ModelCapabilities, ModelInfo¶
Derived descriptors of a loaded model (architecture name, execution template, etc.). See ModelCapabilities.FromConfig(config).
Llmdot.Sampling¶
SamplingOptions¶
public sealed class SamplingOptions
{
public int TopK { get; init; } = 40;
public float TopP { get; init; } = 0.95f;
public float Temperature { get; init; } = 0.8f;
public float RepeatPenalty { get; init; } = 1.1f;
public int RepeatPenaltyWindowSize { get; init; } = 64;
public int Seed { get; init; } = -1; // -1 = random, >=0 = deterministic
}
Sampler consumes these options and runs over logits using the chosen IComputeBackend.
Llmdot.Loading¶
GGUF parsing primitives: GgufReader, GgufModel, GgufMetadata, GgufTensorInfo, GgufConstants, GgufValueType, GgmlType, ArchitectureResolver, TensorNameResolver, ModelValidator, ModelValidationResult.
ArchitectureResolver.Resolve(ggufModel) is what produces the TransformerConfig that every execution template reads from.
Llmdot.Tokenization¶
BpeTokenizer with Encode(string) -> int[] and Decode(IEnumerable<int>) -> string.
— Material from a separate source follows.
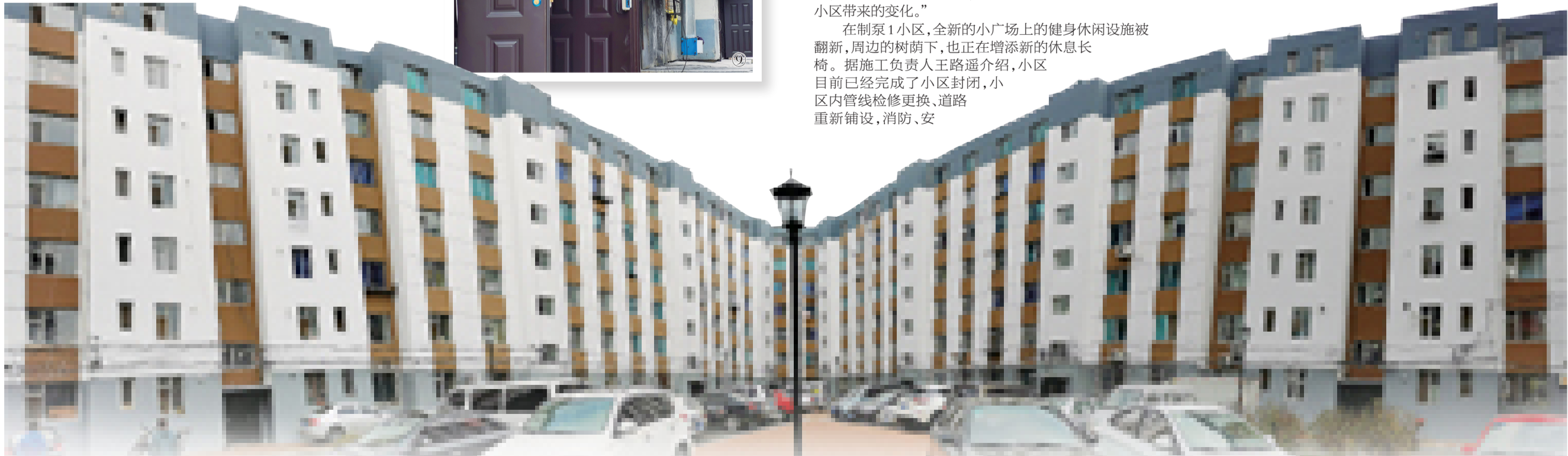
“金三角”小区:老旧楼房焕然一新,咋看咋漂亮

老旧小区改造通过前期摸底调查和宣传工作,多方探索改造模式,先行先试,确定改造试点、统筹规划、同步实施、多部门合同协作,施工单位保质保量赶进度,共同为市民营造良好宜居的生活环境。

Constructed via BpeTokenizer.FromGguf(metadata).
ChatTemplate parses the GGUF chat template (Jinja-style) via ChatTemplate.FromGguf(metadata, tokenizer) and renders a list of ChatMessageEntry(role, content) to a prompt string.
Llmdot.Tensors¶
Tensor, TensorOps, and TensorSize describe and manipulate tensor data. Dequantize and Numeric subnamespaces hold the dequantization and numeric helpers.